The MongoDB Node.js driver automatically splits a large bulk operation that exceeds the 16MB BSON limit into smaller batches to ensure successful execution
The MongoDB Node.js driver handles bulk operations that exceed the 16MB BSON document size limit by automatically splitting them into smaller, manageable batches . This is a built-in feature of the driver that shields developers from having to manually manage the 16MB limit. When you submit a large bulk operation, the driver calculates the size of each operation and groups them into batches that stay within both the 16MB BSON size limit and the server's maxWriteBatchSize limit (which is 100,000 operations) . These batches are then sent sequentially to the server, and the driver reassembles the results before returning a unified response.

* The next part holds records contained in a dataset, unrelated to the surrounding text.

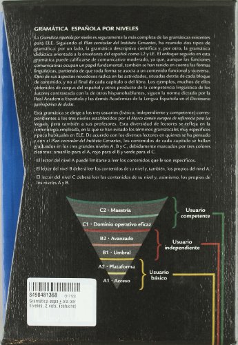 Gramática española por niveles La Gramática española por niveles está elaborada según el Plan curricular del Instituto Cervantes. Niveles de referencia para el español. Reúne dos tipos de gramática: por un lado, la gramática descriptiva científica y, por otro, la gramática didáctica orientada a la enseñanza del español como L2 y LE. En esta obra se concibe la gramática como un conjunto de herramientas que utilizan los hablantes y los oyentes para la construcción e interpretación de los mensajes. Se trata de un estudio completo de la gramática del español, teniendo en cuenta el carácter comunicativo de todos sus elementos. Las funciones comunicativas ocupan un papel fundamental, teniendo en cuenta las formas lingüísticas. Los ejemplos, muchos de ellos obtenidos de corpus del español, reproducen usos del español peninsular, con referencias a usos de español de América. Se ha seguido la norma dictada por la Real Academia Española y las demás Academias de la Lengua Española. Uno de los aspectos novedosos de esta gramática radica en sus mútiples actividaes, no situadas al final de cada capítulo ni del libro, sino detrás de los bloques de contenidos: Actividades que se atienen al contenido explicado, de tal manera que el alumno compruebe que ha comprendido las explicaciones previas, sin tener que recurrir necesariamente a fuentes externas. Unas actividades corresponden a ejercicios estructurales, otras inducen a una reflexión adicional por parte del alumno, a partir de ejemplos semejantes a los utilizados en las explicaciones.
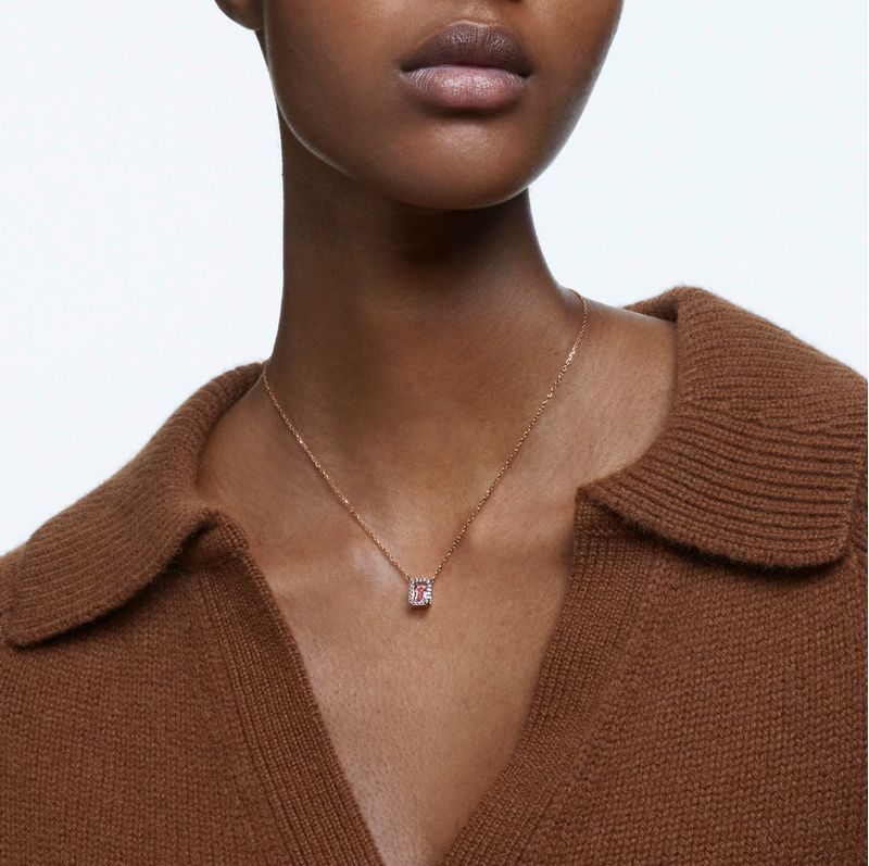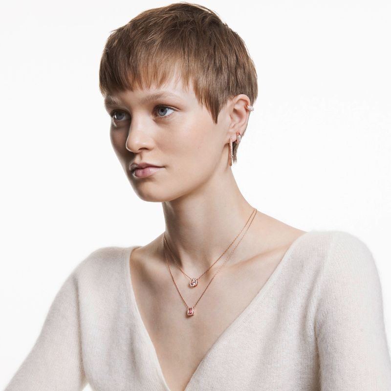 Dynamic design and timeless elegance combine in this stunning pendant. A centerpiece for any look, the octagonal-cut pink stone stands out in its setting with smaller crystals and hangs on a delicate rose gold-plated chain. It adds a feminine touch to casual or formal looks. This pendant belongs to the Millenia family, designed by Creative Director Giovanna Engelbert for Collection II.
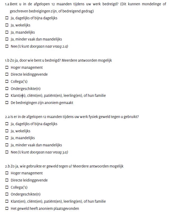 Voor u ligt de vragenlijst die het psychosociale werkklimaat in kaart brengt. Met ‘psychosociaal werkklimaat’ wordt bedoeld: de organisatie en inhoud van uw werk, de eisen die op het werk gelden, relaties met uw collega’s en het management, conflicten op het werk en de beleving van de werksituatie.
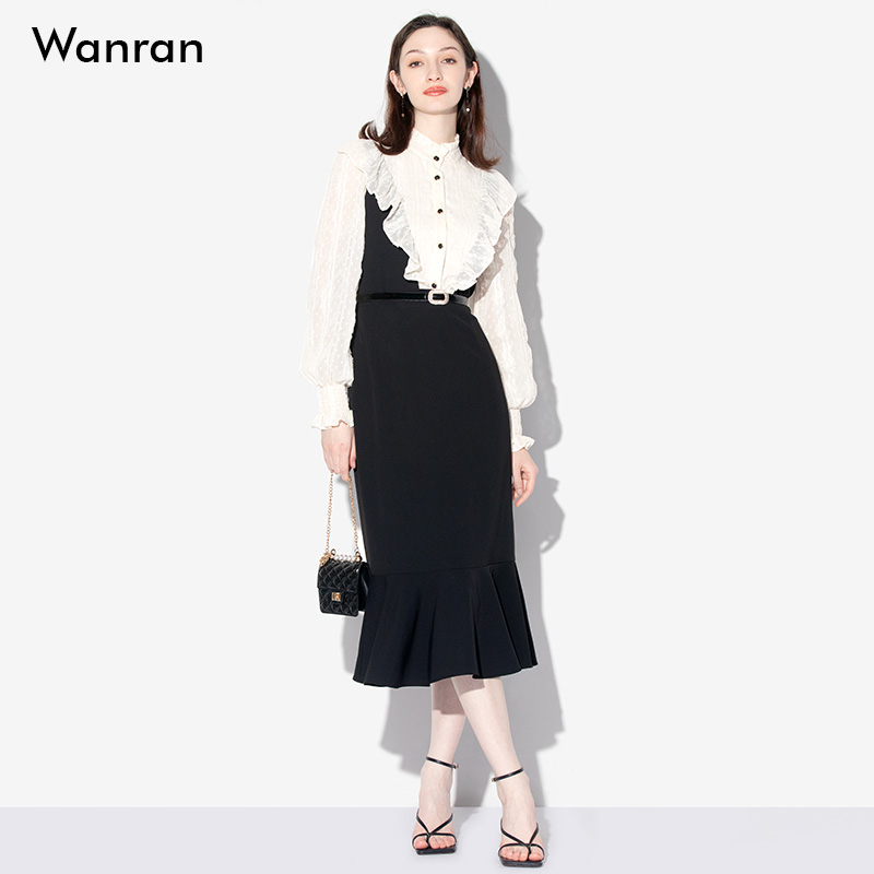 秋季女装2025新款气质撞色修身收腰显瘦鱼尾连衣裙黑色长裙裙子女
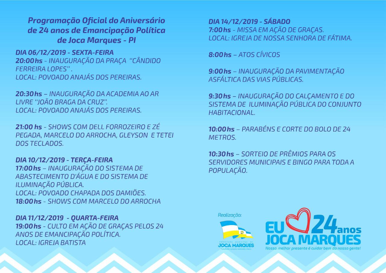 PROGRAMAÇÃO DE ANIVERSARIO DA CIDADE DE JOCA MARQUES-PI

The driver implements a sophisticated batching mechanism that evaluates each operation's BSON size before including it in a batch. The driver uses bson.calculateObjectSize() to determine the exact size of each operation . When adding operations to a batch, the driver checks two critical thresholds: the per-batch operation count (default 1000, but server limit is 100,000) and the cumulative BSON size (approaching 16MB). If adding another operation would exceed either threshold, the driver seals the current batch, sends it to the server, and begins a new batch for remaining operations . This process continues until all operations have been executed.

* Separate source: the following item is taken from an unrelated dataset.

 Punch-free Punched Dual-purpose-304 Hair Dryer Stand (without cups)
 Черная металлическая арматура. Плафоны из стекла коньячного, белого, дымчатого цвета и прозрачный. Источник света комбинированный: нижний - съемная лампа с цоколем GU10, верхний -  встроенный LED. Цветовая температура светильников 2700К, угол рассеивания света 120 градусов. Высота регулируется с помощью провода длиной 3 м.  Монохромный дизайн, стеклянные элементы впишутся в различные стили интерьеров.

The driver's size calculation is precise. When building a batch, it tracks both the currentBatchSize (number of operations) and currentBatchSizeBytes (total BSON size). For each new operation, it calculates maxKeySize + bsonSize and checks if this would push the batch over the limit . The driver specifically sets ignoreUndefined: false during BSON size calculation to ensure accurate sizing, even when documents contain undefined values that might otherwise be omitted from size estimates . This prevents the under-counting that could otherwise cause batches to exceed the 16MB limit at the server level.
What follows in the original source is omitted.